1. A type of Collins bacterium, characterized in that, The Collins bacteria are Collinsellashenzhenensis TF06-26, collection number GDMCC NO: 60090.

2. A composition, characterized in that, The composition comprises: (a) a safe and effective amount of Collins bacteria as described in claim 1; and (b) a pharmaceutically acceptable carrier.

3. The composition according to claim 2, characterized in that, The composition also includes growth factors.

4. The composition according to claim 2, characterized in that, The composition also contains other probiotics and / or prebiotics.

5. The composition according to claim 2, characterized in that, The composition also contains substances that help maintain the viability of Collins bacteria.

6. Use of the Collins bacterium of claim 1 or the composition of claim 2, characterized in that, Used to prepare a drug or formulation for one or more uses selected from the group consisting of: (a) prevention and / or treatment of inflammation-related diseases; and / or (b) prevention and / or treatment of cardiovascular diseases.

7. The use as described in claim 6, characterized in that, The inflammation-related diseases are selected from the following group: inflammatory bowel disease, rheumatoid arthritis, or a combination thereof.
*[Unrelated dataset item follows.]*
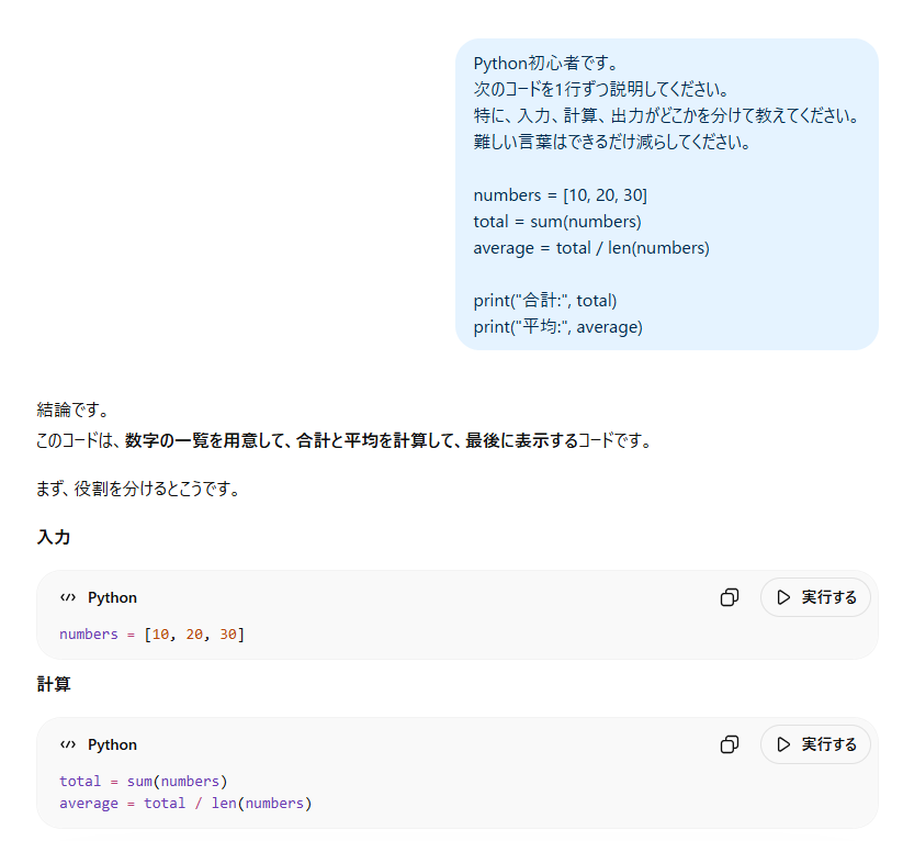 ChatGPTは、AIが書いたコードを「やさしく説明してもらう相手」として使いやすいです。

8. The use as described in claim 6, characterized in that, The cardiovascular diseases mentioned are selected from the following group: hypertension, hyperlipidemia, coronary heart disease, or a combination thereof.

9. Use of the Collins bacterium of claim 1 or the composition of claim 2, characterized in that, Used for the preparation of a drug or formulation, said drug or formulation for one or more uses selected from the group consisting of: (i) Lowering blood lipid levels in mammals; (ii) Controlling the decrease in body weight in mammals; (iii) Reduce the Disease Activity Index (DAI) in mammals; (iv) Improves intestinal lesions in mammals.

10. A method for preparing the composition of claim 2, characterized in that, Including the following steps: The Collins bacterium of claim 1 is mixed with a pharmaceutically acceptable carrier to form the composition of claim 2.

11. The manufacturing method as described in claim 10, characterized in that, The preparation method also includes a step of mixing with growth factors.

12. The manufacturing method as described in claim 10, characterized in that, The preparation method also includes the step of mixing with a substance that helps maintain the viability of Collins bacteria.

13. The manufacturing method as described in claim 12, characterized in that, The substance that helps maintain the viability of Collins bacteria is a protective agent.

14. The manufacturing method as described in claim 10, characterized in that, The preparation method also includes the step of mixing with probiotics and / or prebiotics.

15. A production method, characterized in that, Including the following steps: (a) The Collins bacterium of claim 1 is cultured under suitable culture conditions to obtain a culture product.

16. The production method as described in claim 15, characterized in that, Further steps include: (b) Isolating Collins bacteria from the culture product; and / or (c) The culture product or Collins cells obtained in the previous step are mixed with a pharmaceutically acceptable carrier to prepare a composition.